● **Work order**
No pictures should appear. The lines from the beginning of the listing through the one holding "Kit 2 Shorts" must be reproduced exactly, and nothing more.
Data Start Marker
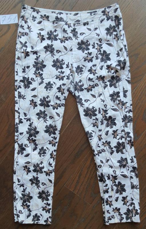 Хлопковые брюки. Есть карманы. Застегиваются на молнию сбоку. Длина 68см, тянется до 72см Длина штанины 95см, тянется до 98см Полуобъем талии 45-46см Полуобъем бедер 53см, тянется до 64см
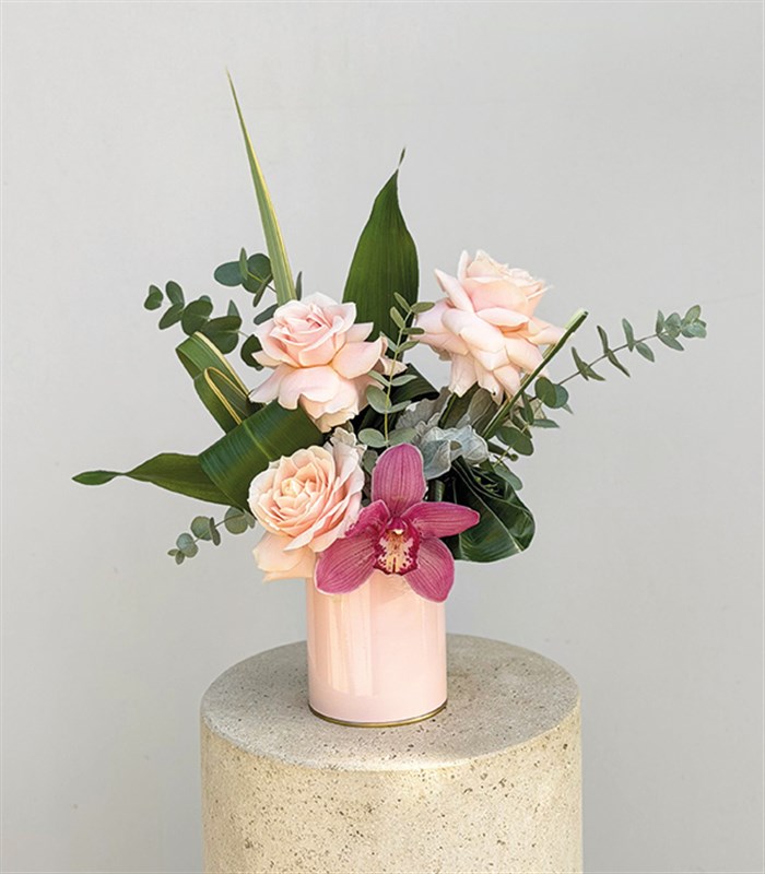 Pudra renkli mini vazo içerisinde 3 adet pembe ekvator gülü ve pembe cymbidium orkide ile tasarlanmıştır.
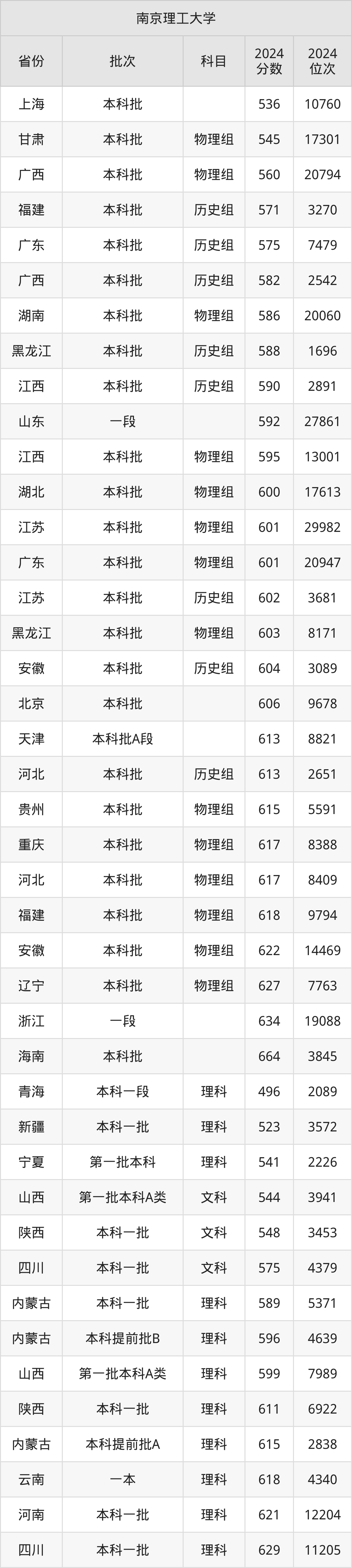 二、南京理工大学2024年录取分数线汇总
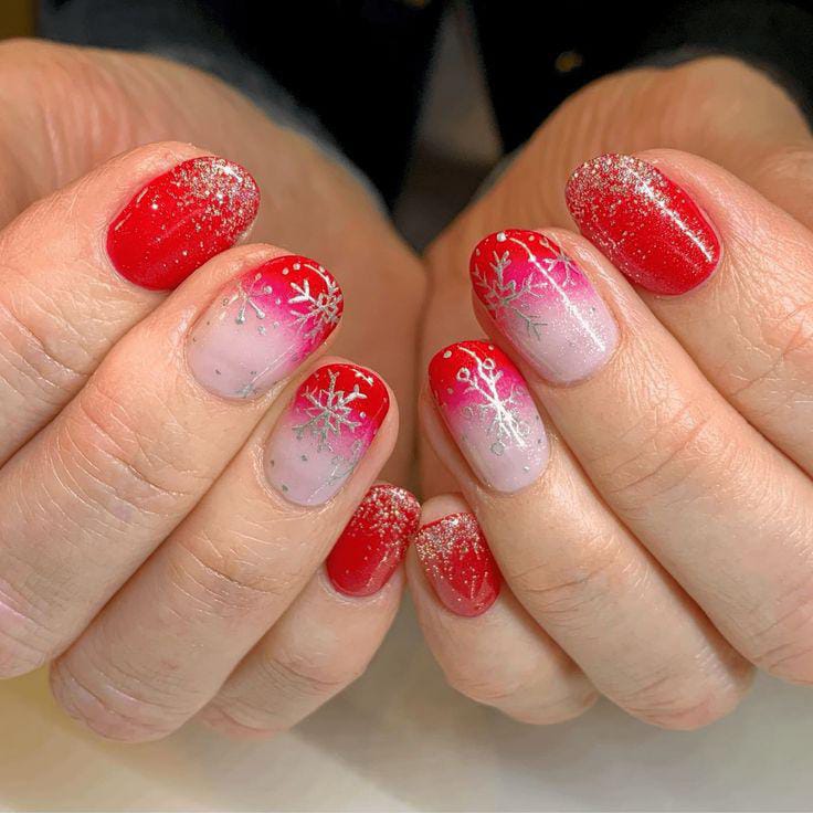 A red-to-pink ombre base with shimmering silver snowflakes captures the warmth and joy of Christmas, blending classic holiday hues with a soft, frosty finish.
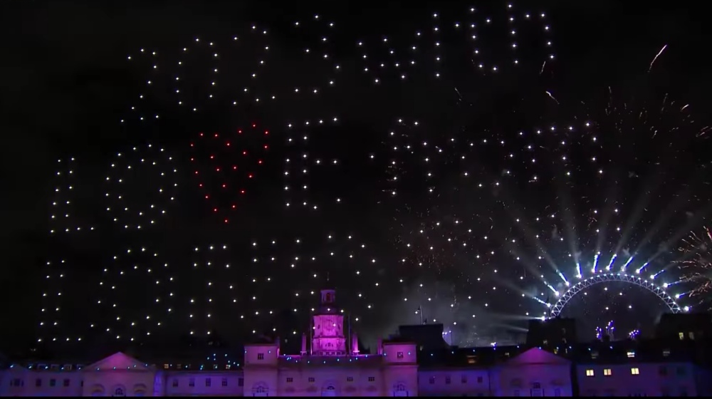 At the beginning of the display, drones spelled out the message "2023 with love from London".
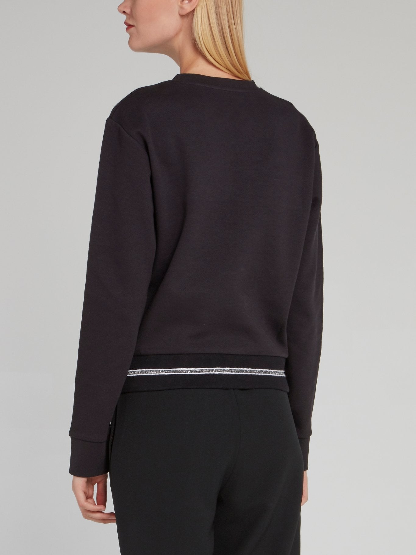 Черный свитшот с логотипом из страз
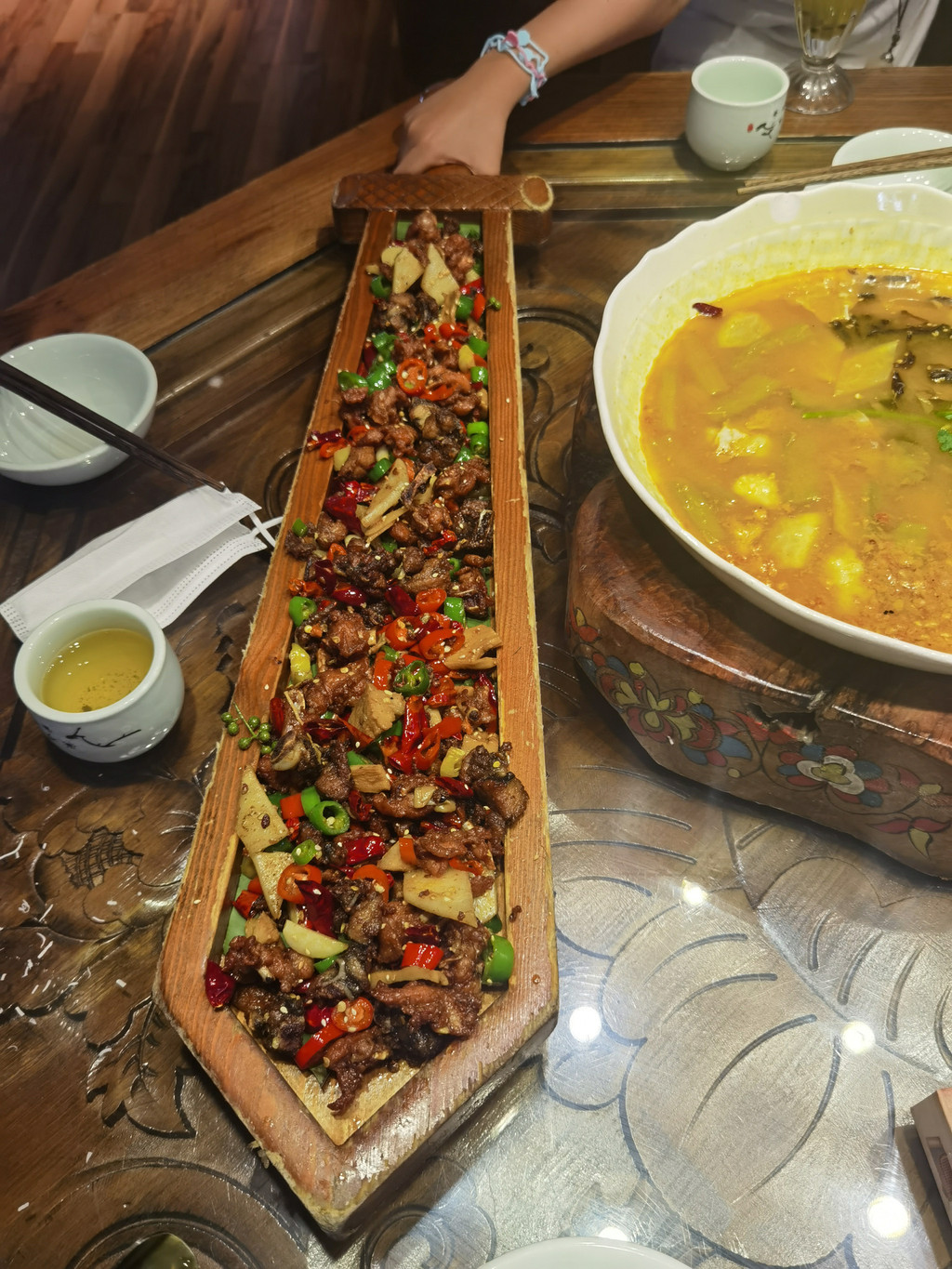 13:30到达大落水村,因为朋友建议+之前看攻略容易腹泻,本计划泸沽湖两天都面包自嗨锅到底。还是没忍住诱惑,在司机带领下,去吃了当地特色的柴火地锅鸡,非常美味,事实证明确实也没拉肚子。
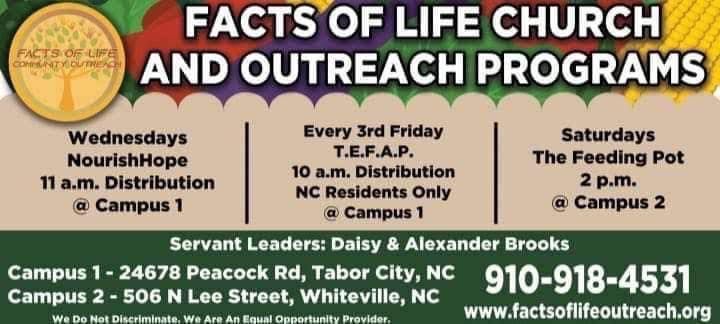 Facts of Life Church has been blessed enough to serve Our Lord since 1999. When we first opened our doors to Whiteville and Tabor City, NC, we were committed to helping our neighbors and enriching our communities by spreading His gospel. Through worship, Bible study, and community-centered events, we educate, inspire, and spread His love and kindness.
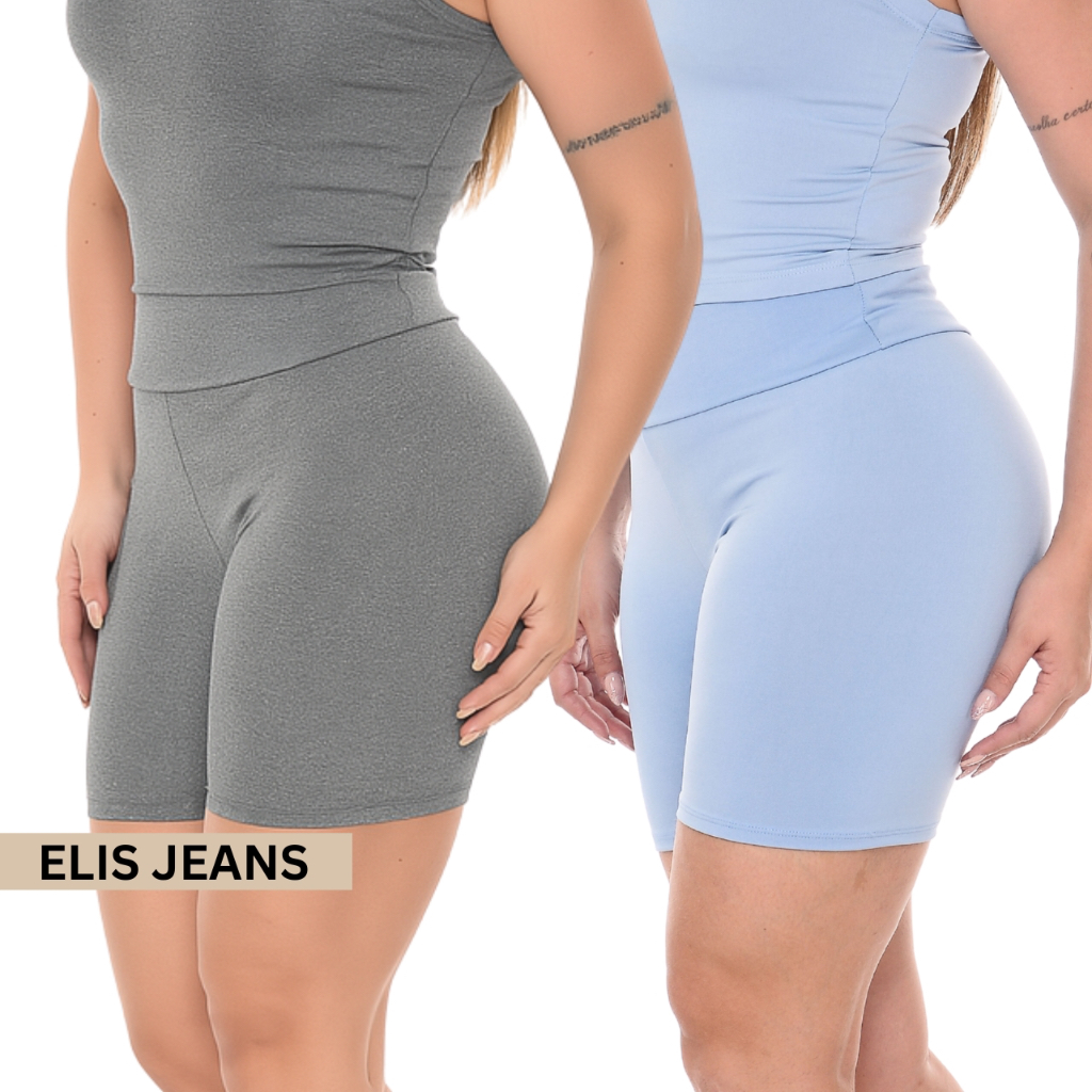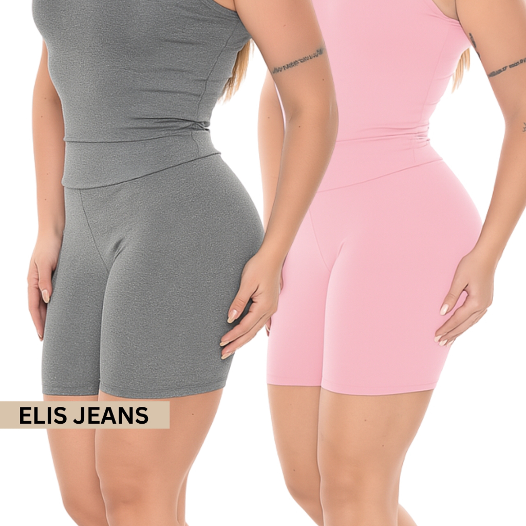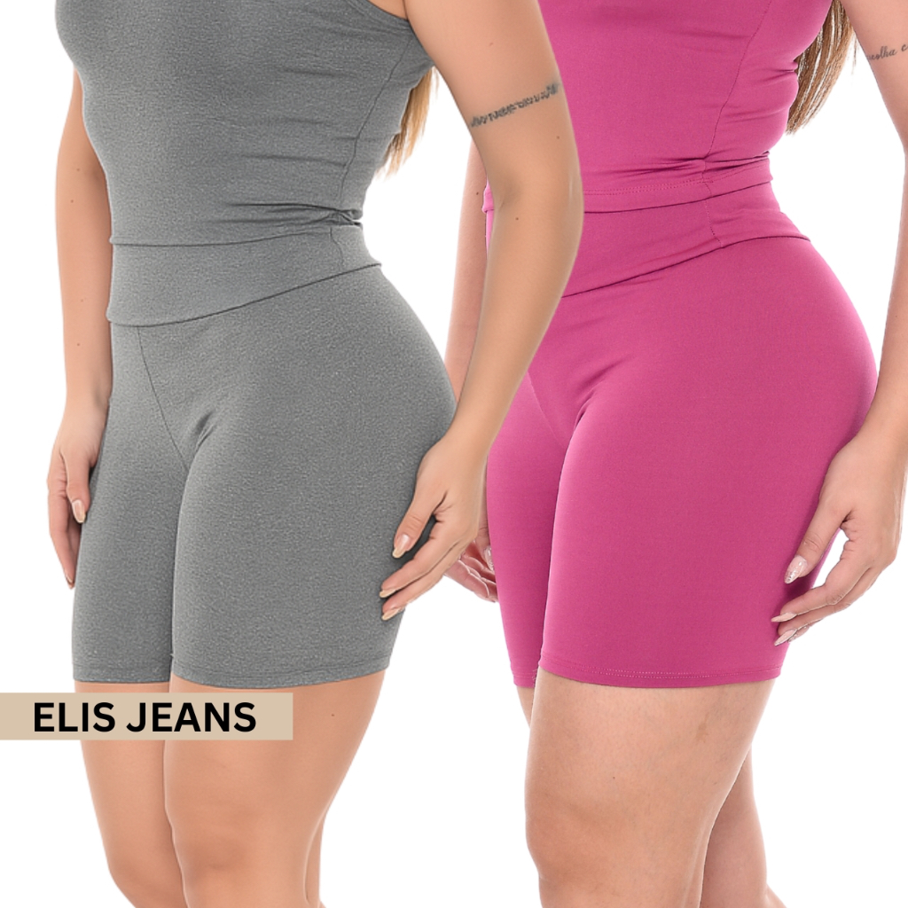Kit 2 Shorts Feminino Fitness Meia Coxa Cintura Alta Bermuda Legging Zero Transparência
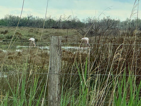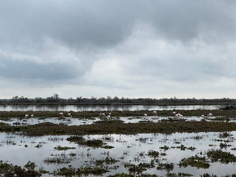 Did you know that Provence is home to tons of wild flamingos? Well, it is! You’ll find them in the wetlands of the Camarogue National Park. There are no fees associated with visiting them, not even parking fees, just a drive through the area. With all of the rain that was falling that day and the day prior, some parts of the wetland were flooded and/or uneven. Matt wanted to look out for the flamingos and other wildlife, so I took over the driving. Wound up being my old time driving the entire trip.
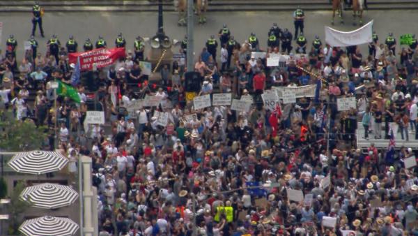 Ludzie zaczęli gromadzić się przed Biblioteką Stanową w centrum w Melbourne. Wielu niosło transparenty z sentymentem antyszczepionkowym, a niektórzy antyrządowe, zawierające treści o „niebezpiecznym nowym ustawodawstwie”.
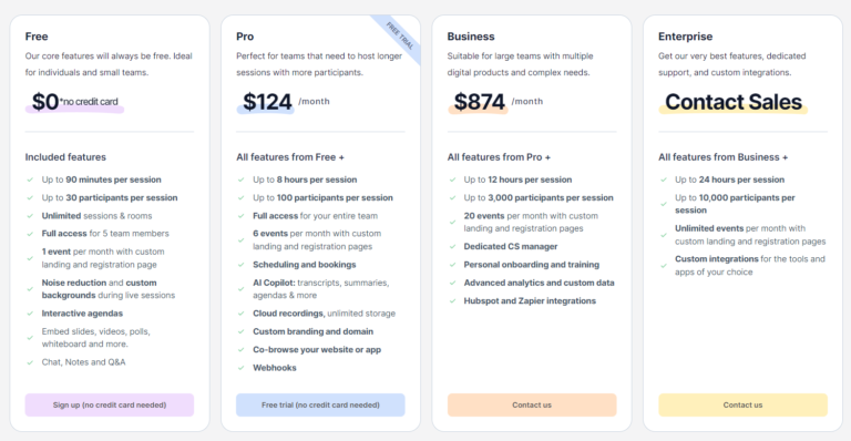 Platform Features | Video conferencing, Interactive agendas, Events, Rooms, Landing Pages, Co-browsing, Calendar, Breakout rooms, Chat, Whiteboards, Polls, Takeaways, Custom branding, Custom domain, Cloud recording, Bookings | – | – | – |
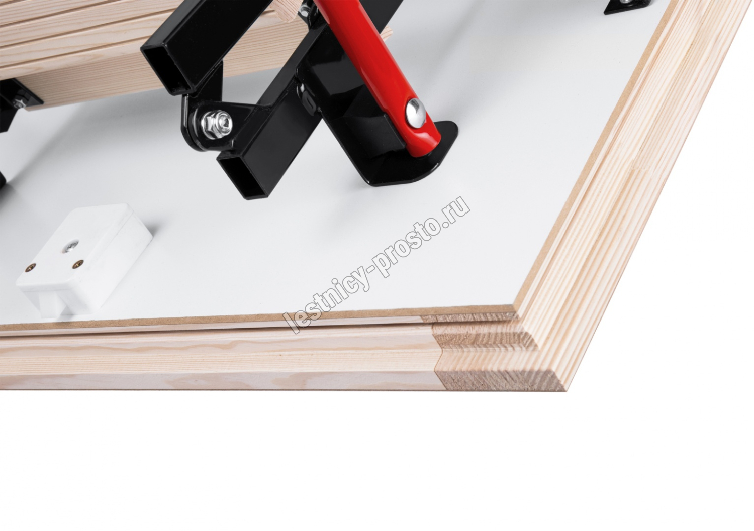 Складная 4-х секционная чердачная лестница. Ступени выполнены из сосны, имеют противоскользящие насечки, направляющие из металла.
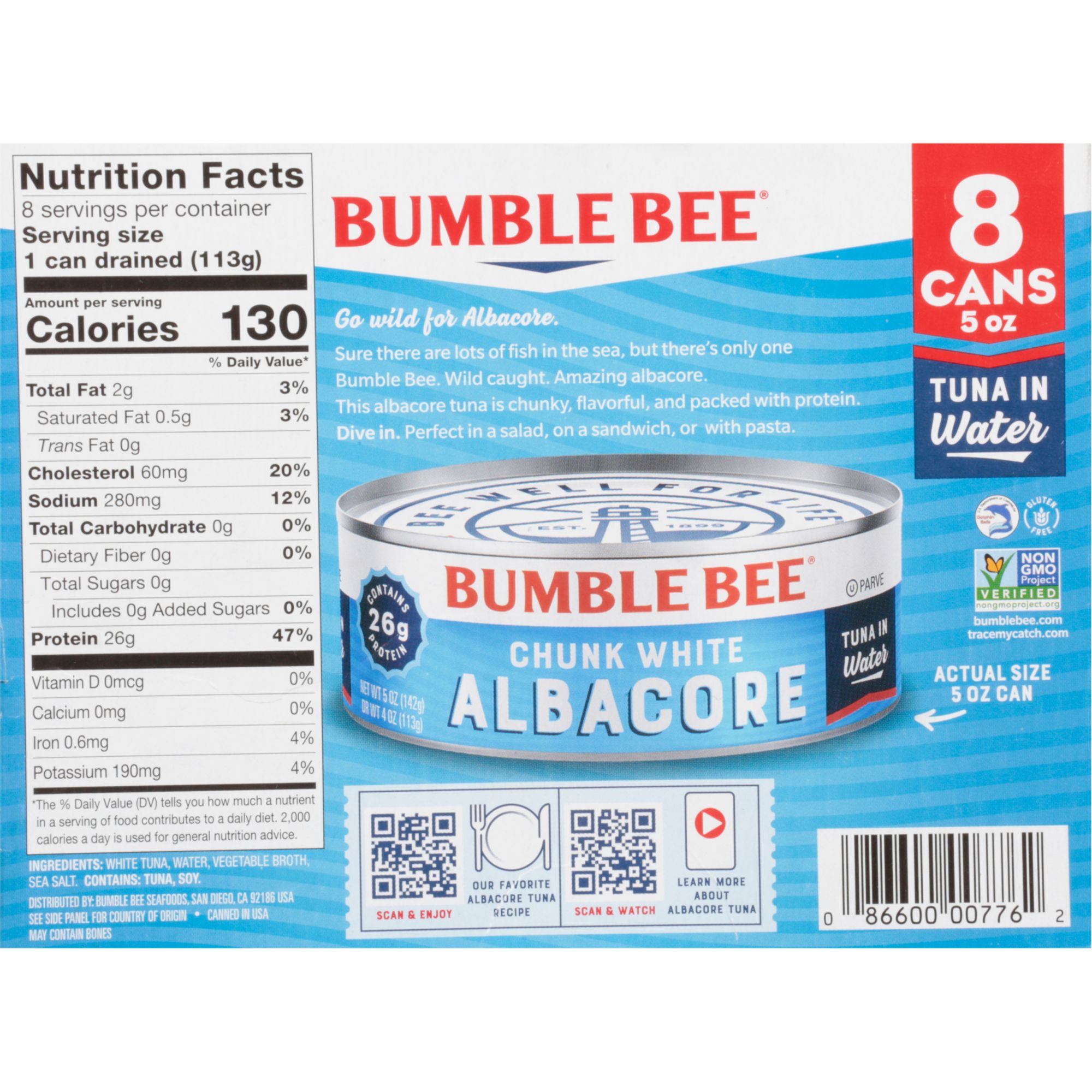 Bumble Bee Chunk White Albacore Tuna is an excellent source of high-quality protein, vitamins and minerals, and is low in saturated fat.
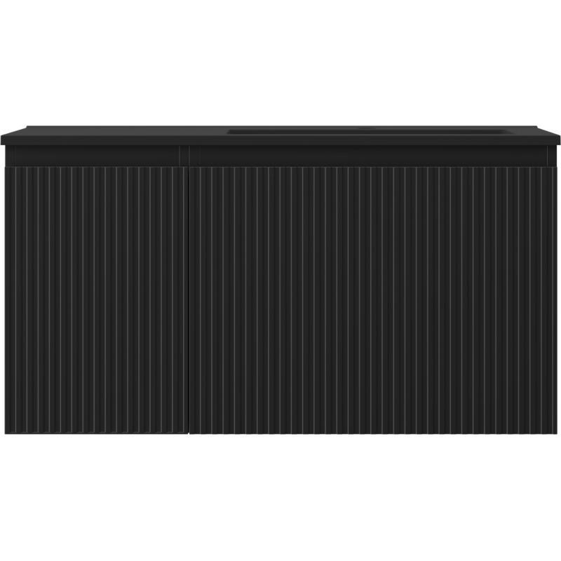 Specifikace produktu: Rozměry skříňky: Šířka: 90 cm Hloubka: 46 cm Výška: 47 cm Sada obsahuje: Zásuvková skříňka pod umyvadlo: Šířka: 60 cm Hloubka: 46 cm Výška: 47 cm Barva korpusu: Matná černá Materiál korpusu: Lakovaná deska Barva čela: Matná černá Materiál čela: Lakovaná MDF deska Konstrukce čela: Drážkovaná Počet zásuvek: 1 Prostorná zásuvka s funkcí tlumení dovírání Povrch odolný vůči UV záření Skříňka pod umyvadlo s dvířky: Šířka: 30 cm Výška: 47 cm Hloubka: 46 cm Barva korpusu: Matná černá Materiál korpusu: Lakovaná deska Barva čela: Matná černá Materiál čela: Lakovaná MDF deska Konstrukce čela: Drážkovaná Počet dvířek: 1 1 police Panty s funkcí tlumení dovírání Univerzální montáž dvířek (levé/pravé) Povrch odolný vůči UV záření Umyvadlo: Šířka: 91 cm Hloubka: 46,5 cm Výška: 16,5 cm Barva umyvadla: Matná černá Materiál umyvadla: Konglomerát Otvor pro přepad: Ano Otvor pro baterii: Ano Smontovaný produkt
Data End Marker
● **Answer to the exercise**
 Хлопковые брюки. Есть карманы. Застегиваются на молнию сбоку. Длина 68см, тянется до 72см Длина штанины 95см, тянется до 98см Полуобъем талии 45-46см Полуобъем бедер 53см, тянется до 64см
 Pudra renkli mini vazo içerisinde 3 adet pembe ekvator gülü ve pembe cymbidium orkide ile tasarlanmıştır.
 二、南京理工大学2024年录取分数线汇总
 A red-to-pink ombre base with shimmering silver snowflakes captures the warmth and joy of Christmas, blending classic holiday hues with a soft, frosty finish.
 At the beginning of the display, drones spelled out the message "2023 with love from London".
 Черный свитшот с логотипом из страз
 13:30到达大落水村,因为朋友建议+之前看攻略容易腹泻,本计划泸沽湖两天都面包自嗨锅到底。还是没忍住诱惑,在司机带领下,去吃了当地特色的柴火地锅鸡,非常美味,事实证明确实也没拉肚子。
 Facts of Life Church has been blessed enough to serve Our Lord since 1999. When we first opened our doors to Whiteville and Tabor City, NC, we were committed to helping our neighbors and enriching our communities by spreading His gospel. Through worship, Bible study, and community-centered events, we educate, inspire, and spread His love and kindness.
Kit 2 Shorts Feminino Fitness Meia Coxa Cintura Alta Bermuda Legging Zero Transparência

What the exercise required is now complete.